Titled “Enough is enough,” it says: “The reckless views of a handful of discredited people who identify as nurses have aligned in some cases with angry crowds who are putting public health and safety at risk. They have drawn in anti-science, anti-mask, anti-vaccine, anti-public health followers whose beliefs align with theirs. For some reason they would have us believe that millions of the best educated health scientists, public health experts, physicians and nurses globally have all missed something they have not. Their outlandish assertions about science would be laughable were they not so dangerous.”
The letter says anti-public-health disinformation threatens to confuse a tired and bewildered public by misrepresenting personal ideology as facts, and science as conspiracy. The letter also attempts to assure Canadians that the vast majority of Canada’s nurses are duty-bound to use science and evidence to evaluate the care they give.
Villeneuve says in any group, including the hundreds of thousands of nurses across Canada, there are bound to be a few people who don’t agree with the rest.
“The problem is when the group is 448,000, half a percent is still a couple thousand people, and they could be very vocal using social media,” he said.

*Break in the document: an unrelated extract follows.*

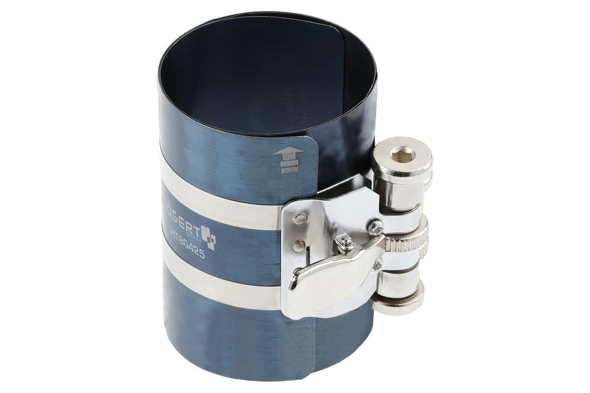 Обжимка поршневых колец HOEGERT TECHNIK 90-175-150 мм HT8G425 предназначена для установки поршней в цилиндры. Изготовлена из упругой стальной пластины SK5. Оснащена винтовой ручкой с замком.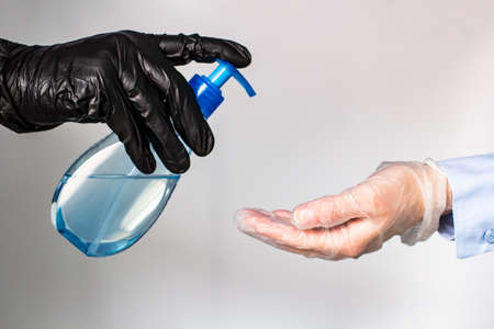 Antiseptic in the hands of man. Hand cleaning fluid. Hands of a man in gloves. Concept - office treatment by a sanitizer. Clearing rooms from bacteria. Concept - cleaning with an antiseptic.

In Villeneuve’s 40-plus years in the health-care industry, he said he has never seen the public’s vitriol take such a toll on health-care workers.
“I’ve never seen nurses and doctors so tired,” he said. “So shaken, and shocked by fellow Canadians lining up and yelling at them.”
Villeneuve says those who claim to represent Canada’s nurses while also spreading misinformation about a global pandemic “represent everything that we don’t.”